The Court dismissed the action for negligent misrepresentation, stating that: “[to] be actionable, a negligent misrepresentation must be more than a misunderstanding. The fact that the reality of employment with KPMG did not meet with the sanguine expectations of Bureau [the plaintiff] does not, of itself, constitute negligence”. The plaintiff should have known that her ultimate success at KPMG would depend on how things progressed. The statements made by her interviewer were merely aspirational and could not have reasonably been regarded as binding legal statements.
Employers seeking to avoid liability for negligent misrepresentation should take care to ensure the completeness and accuracy of statements made during recruitment. This is especially so where those statements relate to the existence or non-existence of conditions fundamental to the employment. Where future plans are contingent on future events, this should be disclosed to the applicant so that he or she can make an informed decision as to whether to take the position. Negligent misrepresentation claims are most likely to succeed when an employer misstates (or fails to mention) fundamental eventualities that could render the position obsolete or drastically different than that initially represented.

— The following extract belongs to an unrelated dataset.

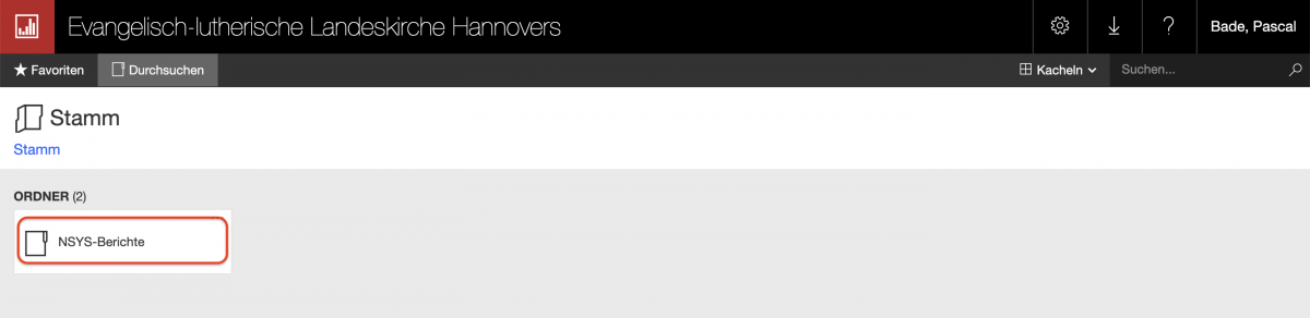 Nach erfolgreicher Anmeldung gelangen Sie zur Startseite der Webberichte. Die Berichte finden Sie, in dem Sie zunächst auf die Kachel NSYS-Berichte klicken:

It is also important that companies provide human resource departments with the necessary high-level information to ensure that applicants are not unintentionally misled. No one should be hired for a position that is likely to be eliminated or significantly altered without informing that person that this eventuality is at least possible. Communication gaps or lack of information flow within organizations will not absolve them of liability for negligent misrepresentations, even those made honestly.
Finally, employers should consider reproducing all important statements in written contracts of employment. While it may not be determinative, contractual language disclaiming any prior representations on the part of the employer is likely to be highly persuasive if the matter is litigated.